Work instruction: Exactly as they appear below, repeat the lines from the one with "Neon pembe akrilik" through the one with "Mapping ATU airtanker". Drop every picture.

Records provided:
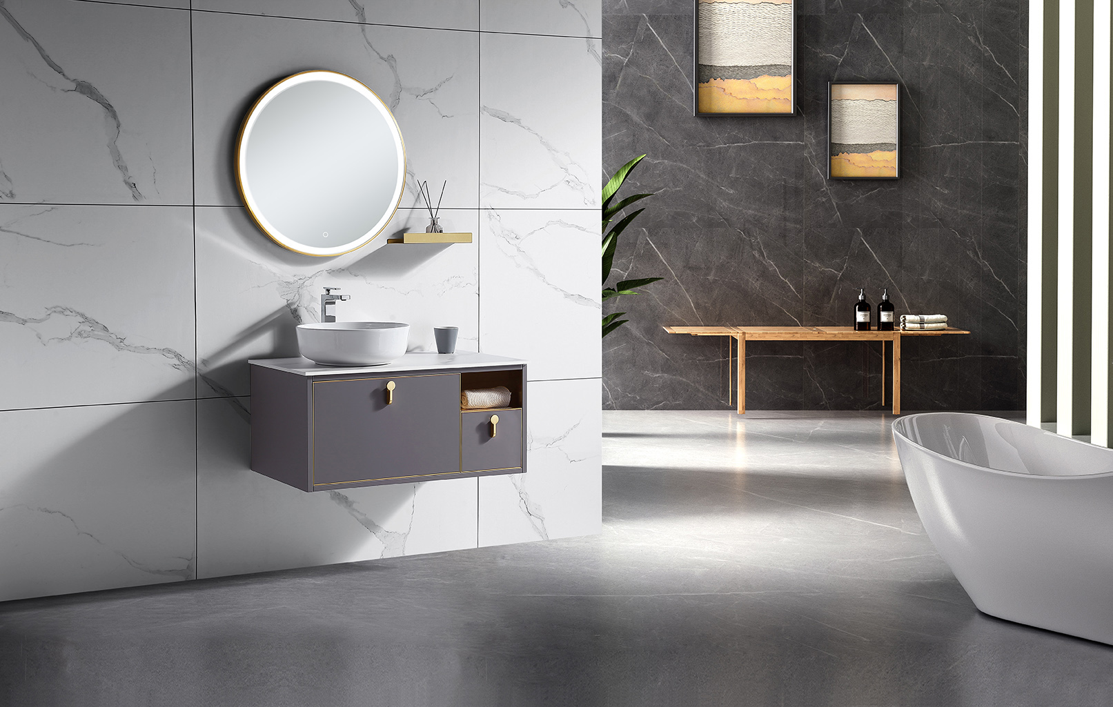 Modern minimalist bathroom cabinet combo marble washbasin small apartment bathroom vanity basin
...
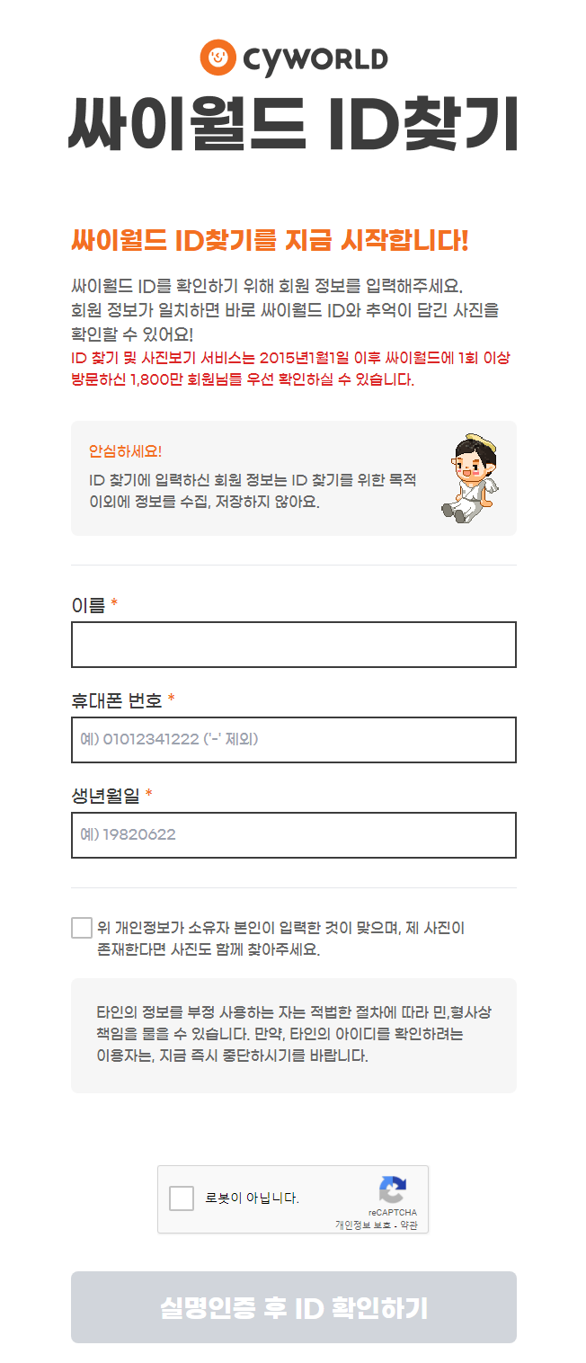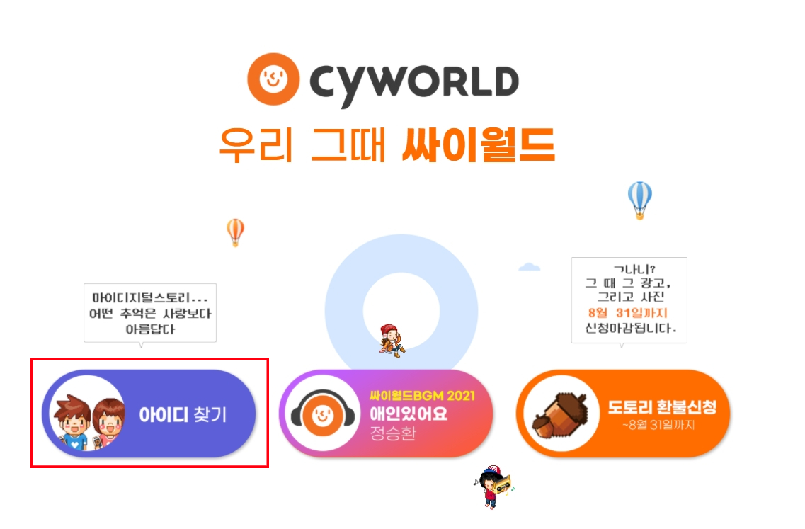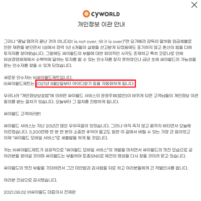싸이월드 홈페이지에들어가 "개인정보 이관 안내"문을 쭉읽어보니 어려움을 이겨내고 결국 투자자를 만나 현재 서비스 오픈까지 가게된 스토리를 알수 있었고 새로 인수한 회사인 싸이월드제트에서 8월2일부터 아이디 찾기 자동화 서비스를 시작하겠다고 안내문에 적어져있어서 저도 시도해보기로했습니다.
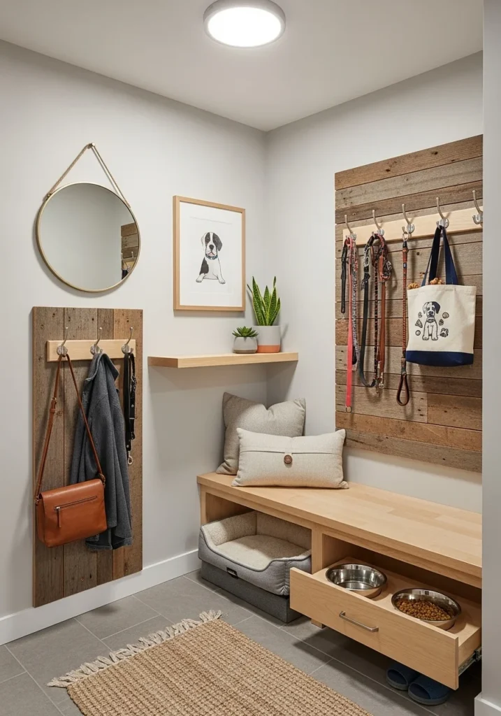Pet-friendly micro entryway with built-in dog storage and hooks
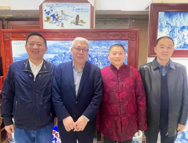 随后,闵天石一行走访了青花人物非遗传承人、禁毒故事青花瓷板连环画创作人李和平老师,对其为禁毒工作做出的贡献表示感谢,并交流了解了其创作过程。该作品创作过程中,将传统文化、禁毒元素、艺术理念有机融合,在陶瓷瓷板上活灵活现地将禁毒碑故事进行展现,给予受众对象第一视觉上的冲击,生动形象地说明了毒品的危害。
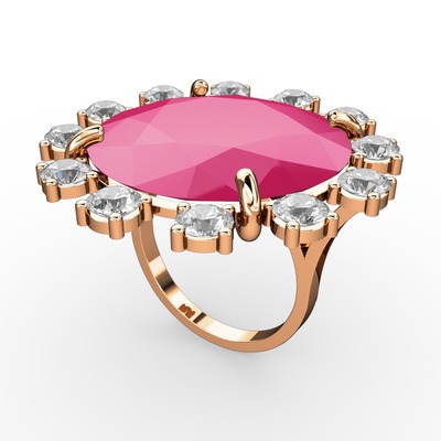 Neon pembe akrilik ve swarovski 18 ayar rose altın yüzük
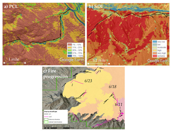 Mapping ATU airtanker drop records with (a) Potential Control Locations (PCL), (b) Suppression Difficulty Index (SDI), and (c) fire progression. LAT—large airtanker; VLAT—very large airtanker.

Written response:
 Neon pembe akrilik ve swarovski 18 ayar rose altın yüzük
 Mapping ATU airtanker drop records with (a) Potential Control Locations (PCL), (b) Suppression Difficulty Index (SDI), and (c) fire progression. LAT—large airtanker; VLAT—very large airtanker.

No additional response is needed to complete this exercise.